▸ Problem requirements: Leaving out the images, please output every entry exactly as it appears.

▸ Data records:
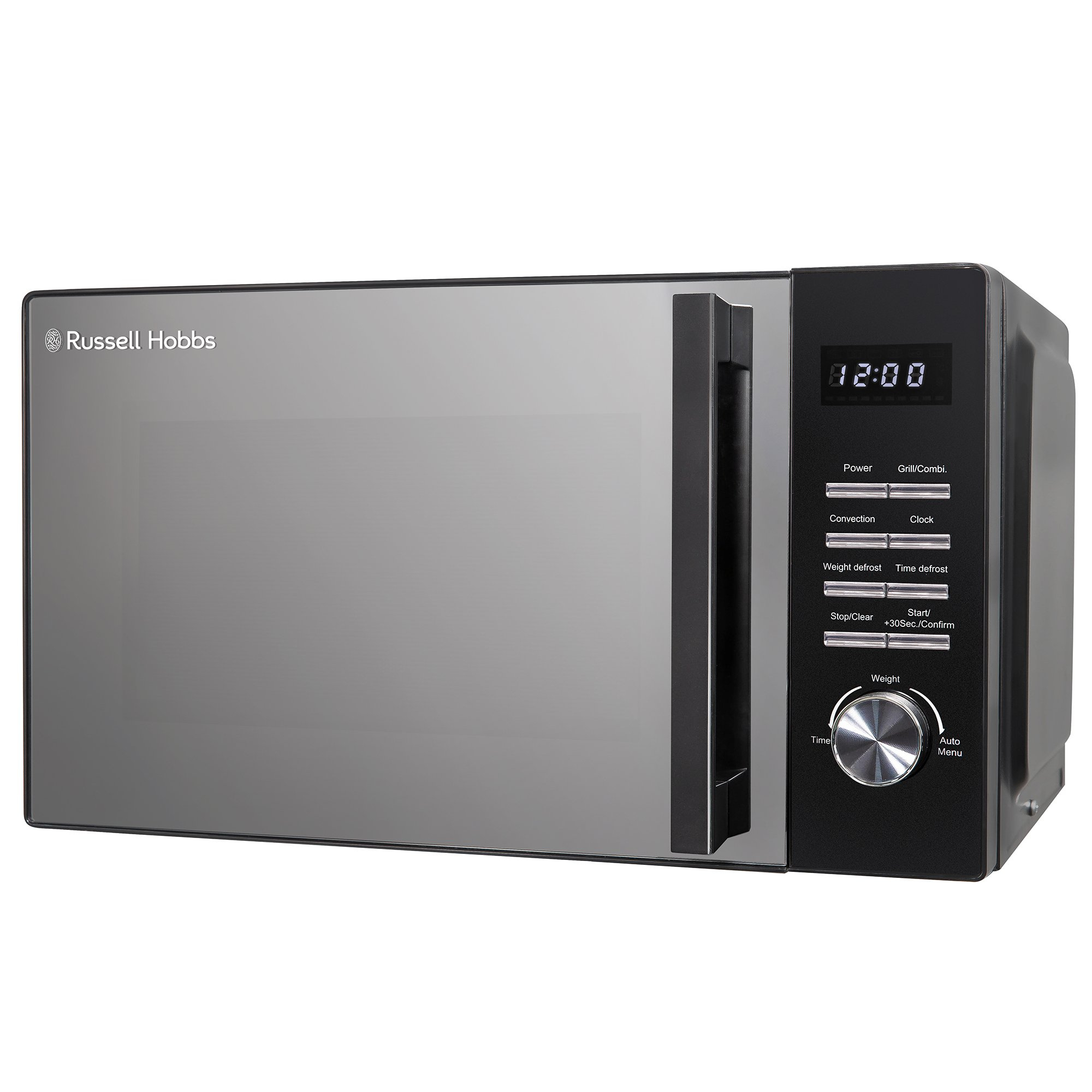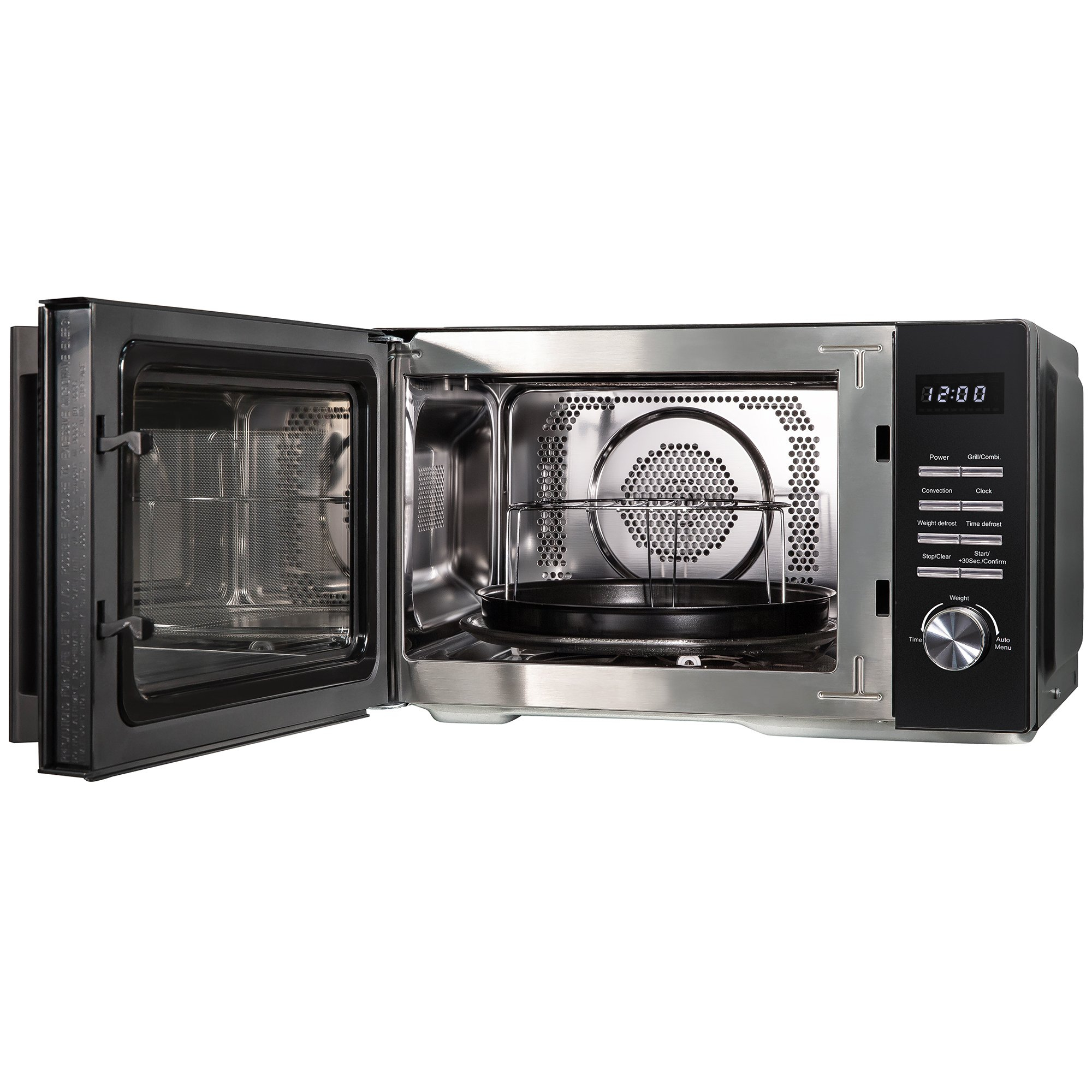 This 23L black combination microwave is all you need for flexible and fuss-free cooking. With its mirror door and chrome details, it's a style statement on your countertop.
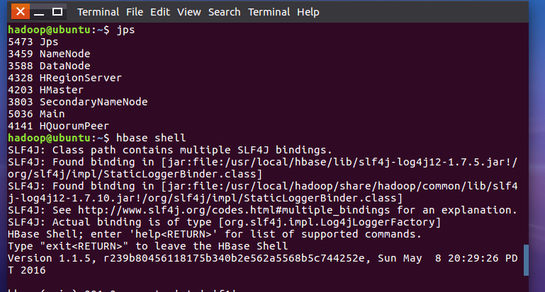 2.启动HDFS,启动HBase,进入HBaseShell命令行。
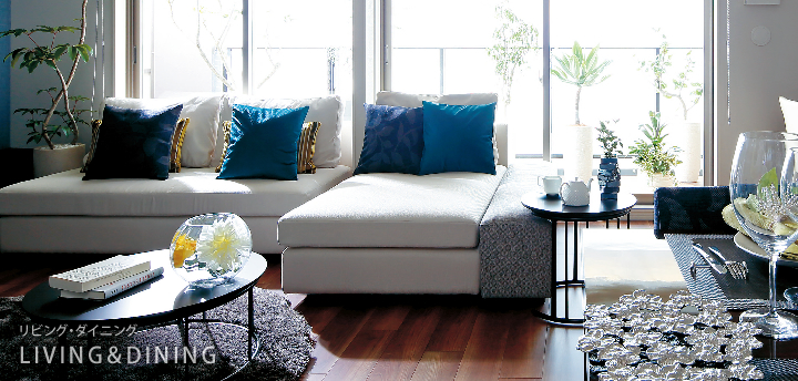 リビングは、ミディアムブラウンのフローリングに対して、ボリューム感のあるソファにアイボリーを使うことで、室内が明るく爽やかなイメージになります。アクセントカラーは、アイボリーに映える鮮やかなブルーとグリーン。一方、テレビを置いた壁面はダークグレーの天然石を貼ることで、重厚感のある落ち着いた空間になりました。壁面と天井に配した間接照明の光が、室内を柔らかく照らします。
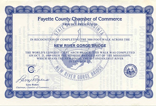 "Bridge Day" is a celebration of the bridge and also of the recreational opportunities the New River has to offer. The event, first held in 1980, features bridge jumping, rappelling, a carnival atmosphere, and more. The festival is West Virginia's largest one-day event. For More Information visit the New River Convention and Visitor's Bureau's Bridge Day Site. The festival is held the third Saturday of every October. Barb and John Bee were kind enough to share scans of a certificate they received for participating in the Bridge Day festivities in 1989.
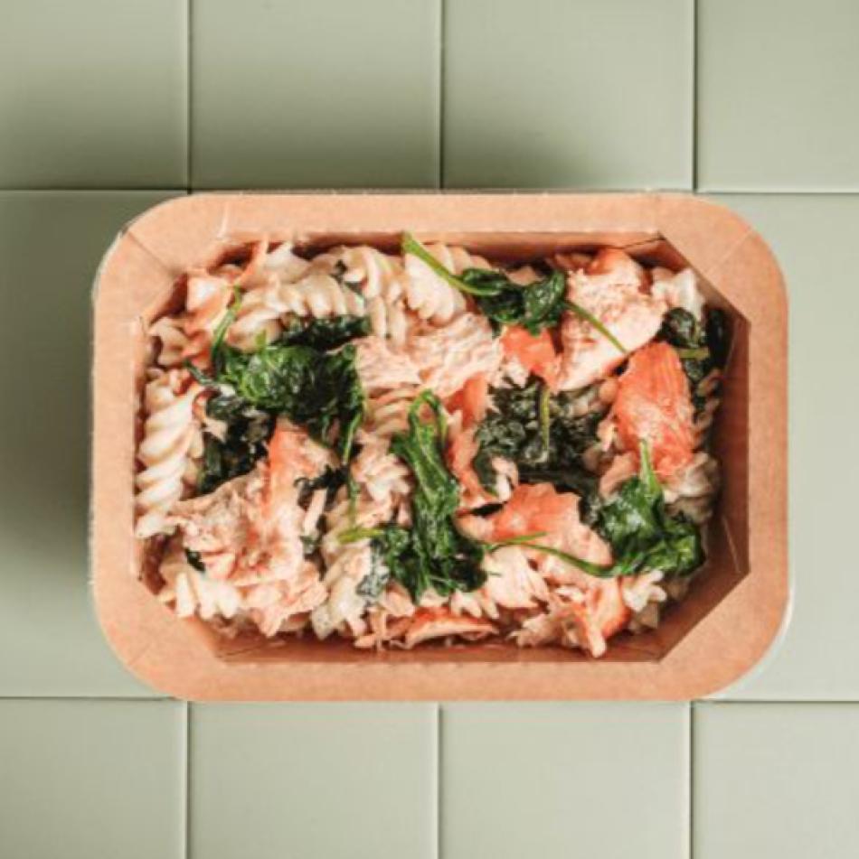 Fusilli 3 Farben mit Lachs (frisch und geräuchert), Spinat, Pinienkernen, italienischer Käsecreme. Gericht zum Aufwärmen im Backofen oder in der Mikrowelle, kalt geliefert.
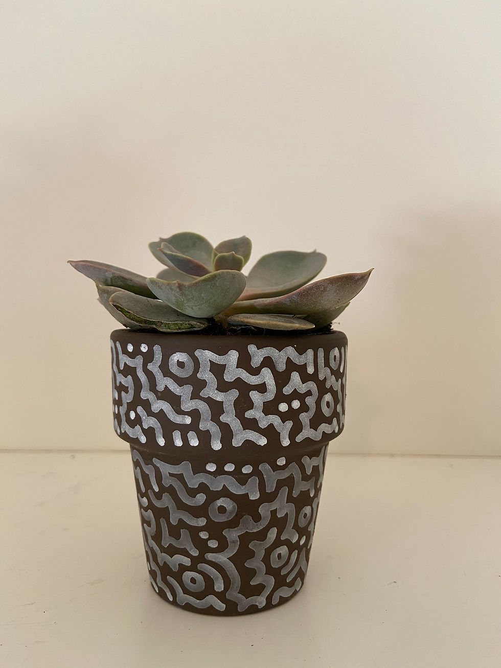 Each piece is unique. I can recreate any of the pot designs and art, but succulents and plants may vary on availability.  Special art design and color requests are available.

▸ Your response:
 This 23L black combination microwave is all you need for flexible and fuss-free cooking. With its mirror door and chrome details, it's a style statement on your countertop.
 2.启动HDFS,启动HBase,进入HBaseShell命令行。
 リビングは、ミディアムブラウンのフローリングに対して、ボリューム感のあるソファにアイボリーを使うことで、室内が明るく爽やかなイメージになります。アクセントカラーは、アイボリーに映える鮮やかなブルーとグリーン。一方、テレビを置いた壁面はダークグレーの天然石を貼ることで、重厚感のある落ち着いた空間になりました。壁面と天井に配した間接照明の光が、室内を柔らかく照らします。
 "Bridge Day" is a celebration of the bridge and also of the recreational opportunities the New River has to offer. The event, first held in 1980, features bridge jumping, rappelling, a carnival atmosphere, and more. The festival is West Virginia's largest one-day event. For More Information visit the New River Convention and Visitor's Bureau's Bridge Day Site. The festival is held the third Saturday of every October. Barb and John Bee were kind enough to share scans of a certificate they received for participating in the Bridge Day festivities in 1989.
 Fusilli 3 Farben mit Lachs (frisch und geräuchert), Spinat, Pinienkernen, italienischer Käsecreme. Gericht zum Aufwärmen im Backofen oder in der Mikrowelle, kalt geliefert.
 Each piece is unique. I can recreate any of the pot designs and art, but succulents and plants may vary on availability.  Special art design and color requests are available.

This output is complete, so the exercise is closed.